** WORK INSTRUCTION **
Within the entries below, please retype exactly the lines starting with the line that has "A timelessly cool" and going on through the line that has "Boss Calf Leather", but not the pictures.

(ENTRIES PROVIDED)

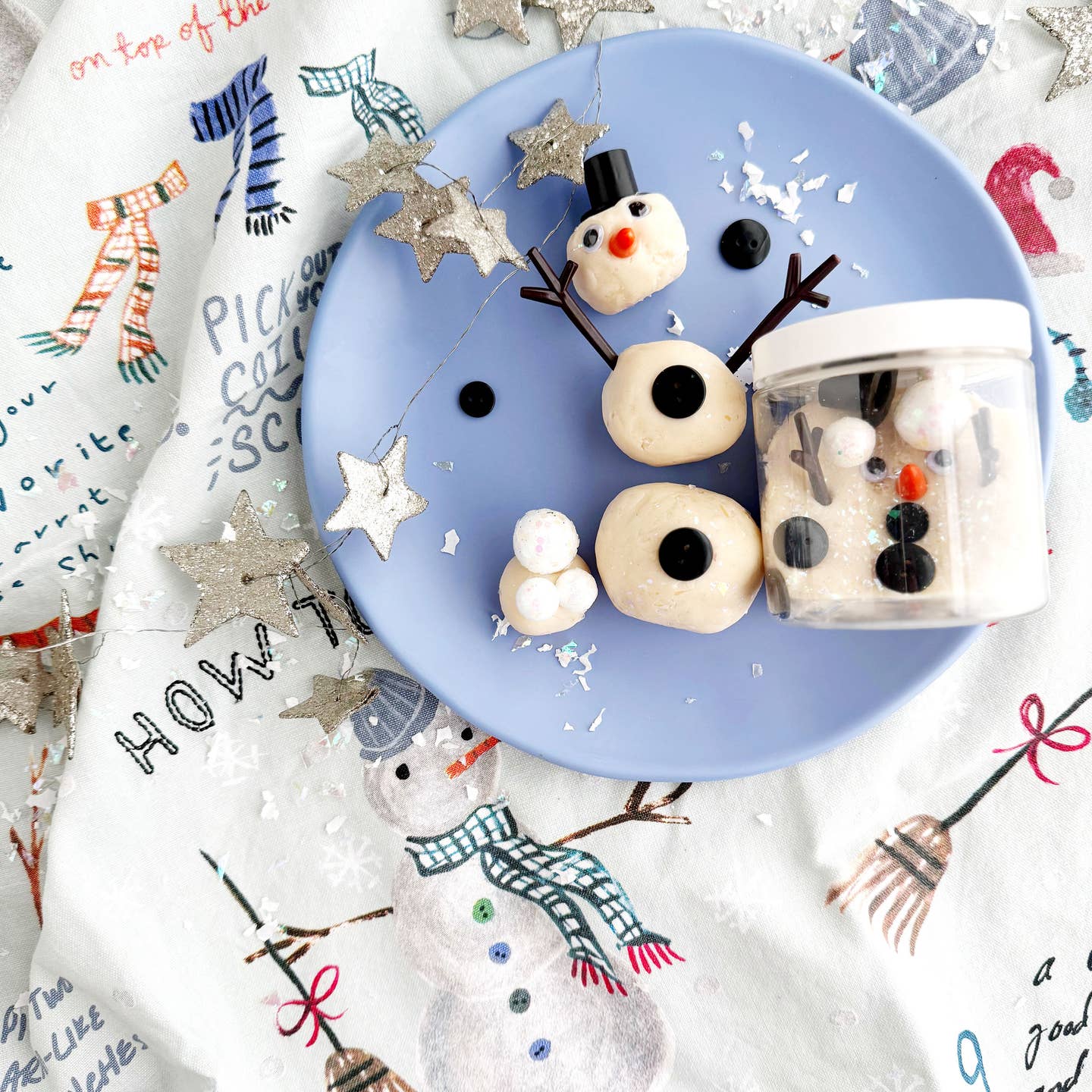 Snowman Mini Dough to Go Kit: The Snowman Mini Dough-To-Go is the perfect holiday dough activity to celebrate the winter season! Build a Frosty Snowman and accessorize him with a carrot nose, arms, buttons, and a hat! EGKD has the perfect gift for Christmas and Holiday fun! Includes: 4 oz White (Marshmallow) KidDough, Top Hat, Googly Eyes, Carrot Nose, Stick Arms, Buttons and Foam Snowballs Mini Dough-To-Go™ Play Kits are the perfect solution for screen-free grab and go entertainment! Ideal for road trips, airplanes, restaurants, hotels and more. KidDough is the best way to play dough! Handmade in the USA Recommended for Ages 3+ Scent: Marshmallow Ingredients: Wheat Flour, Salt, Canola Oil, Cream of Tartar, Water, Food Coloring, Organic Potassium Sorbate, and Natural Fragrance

(End ENTRIES PROVIDED)
(ENTRIES PROVIDED)

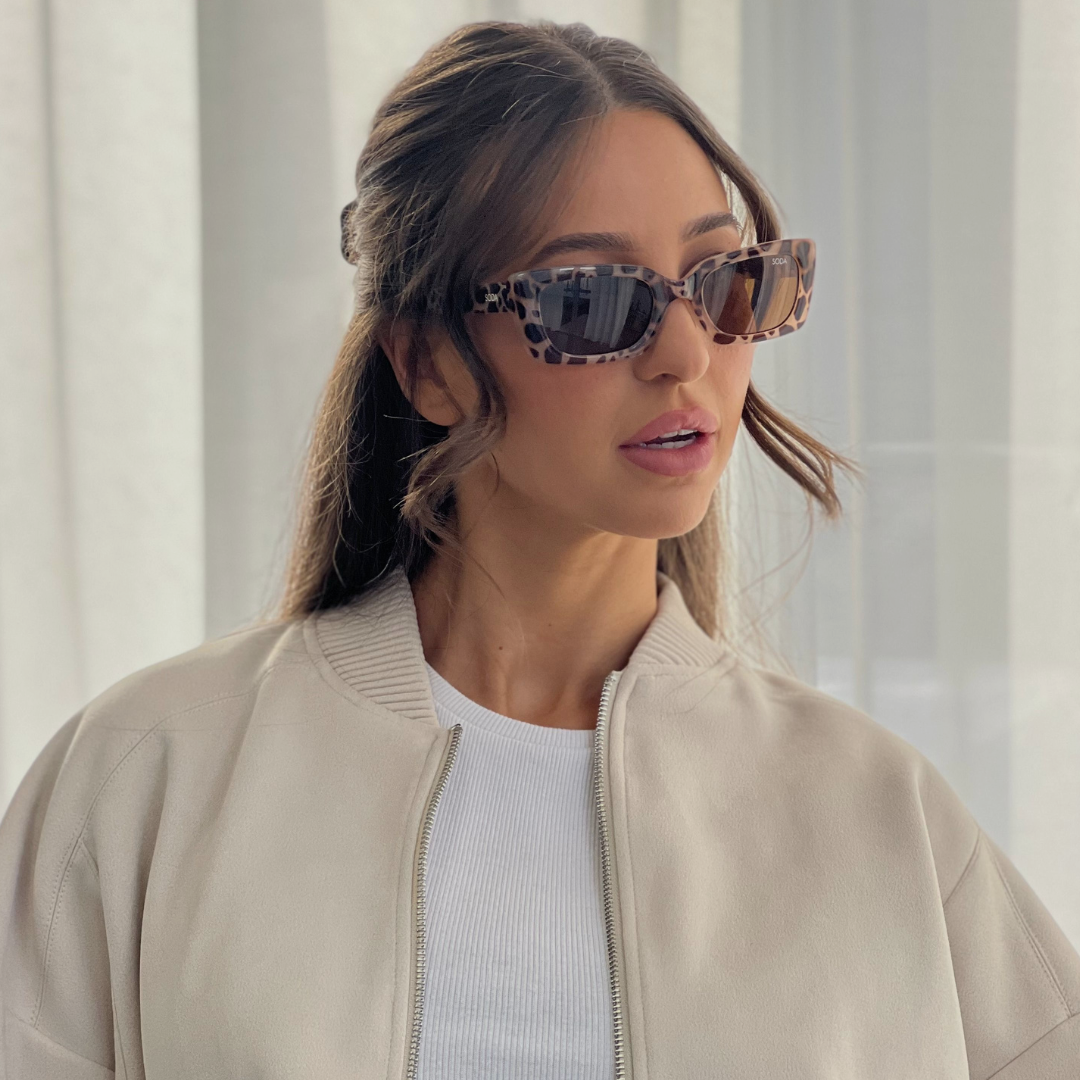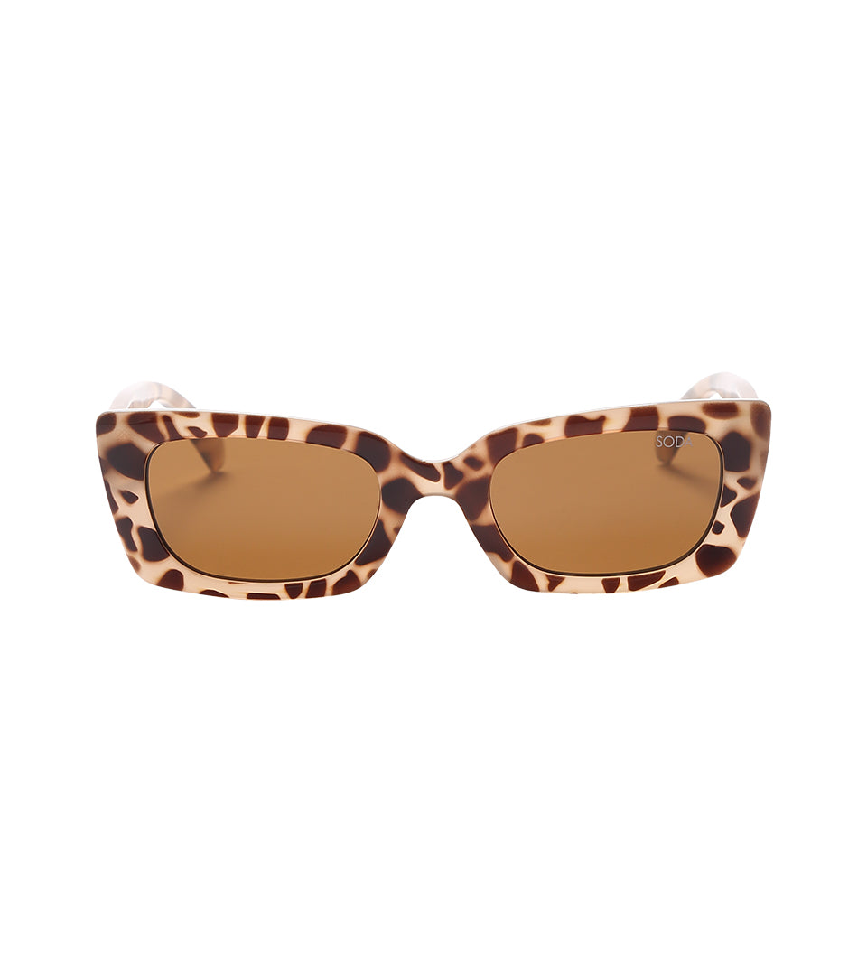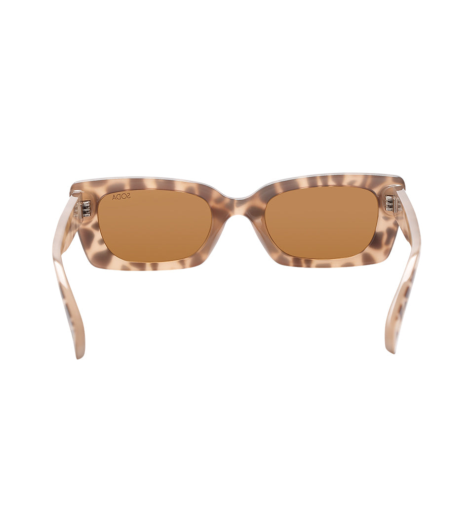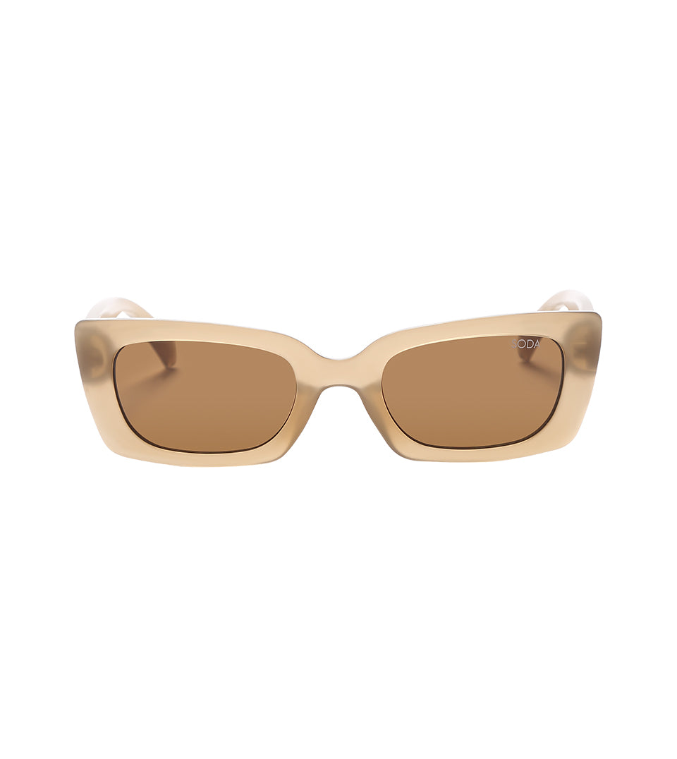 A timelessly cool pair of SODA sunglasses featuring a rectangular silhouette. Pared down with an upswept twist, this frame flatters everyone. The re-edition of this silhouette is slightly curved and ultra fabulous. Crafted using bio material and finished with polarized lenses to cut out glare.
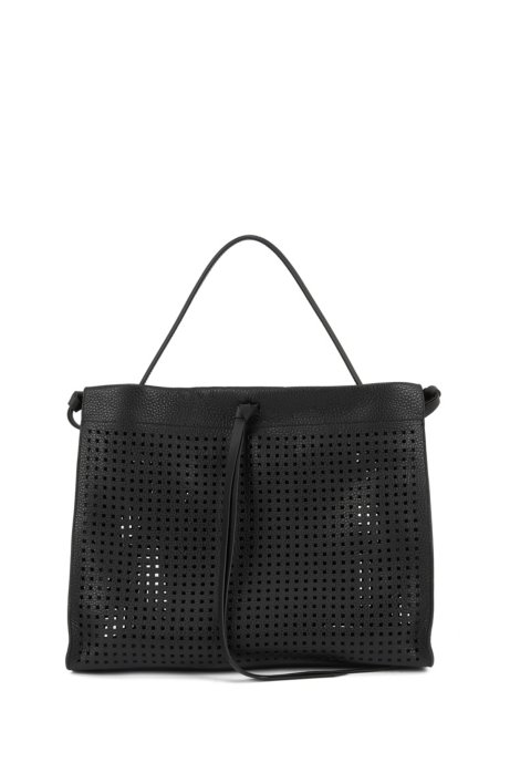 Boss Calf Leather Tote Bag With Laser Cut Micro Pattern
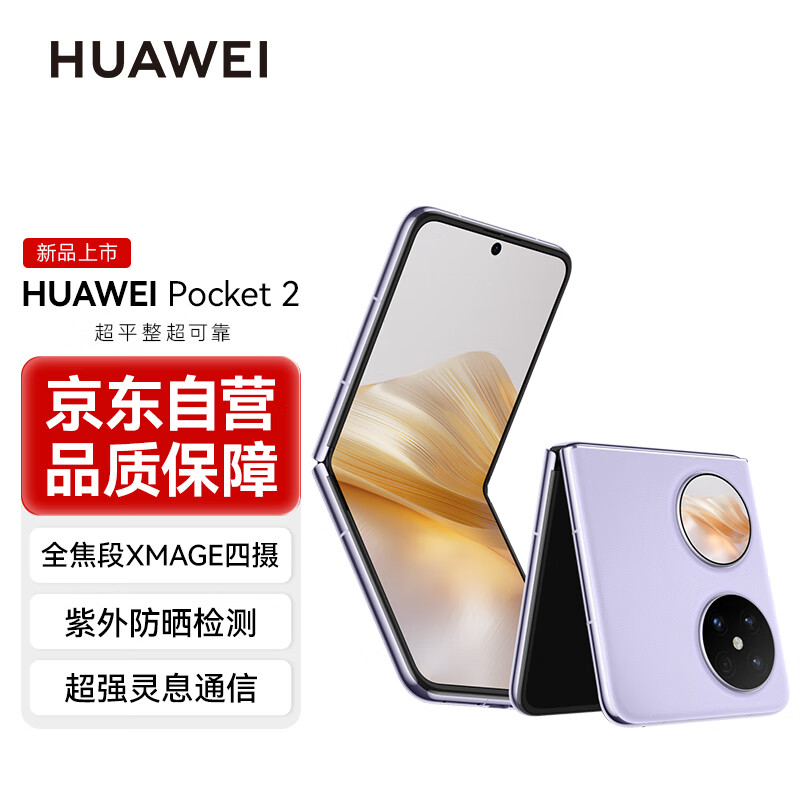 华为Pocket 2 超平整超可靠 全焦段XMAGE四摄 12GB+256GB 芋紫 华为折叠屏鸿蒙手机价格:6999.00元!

(End ENTRIES PROVIDED)

** ANSWER TO THIS TASK **
 A timelessly cool pair of SODA sunglasses featuring a rectangular silhouette. Pared down with an upswept twist, this frame flatters everyone. The re-edition of this silhouette is slightly curved and ultra fabulous. Crafted using bio material and finished with polarized lenses to cut out glare.
 Boss Calf Leather Tote Bag With Laser Cut Micro Pattern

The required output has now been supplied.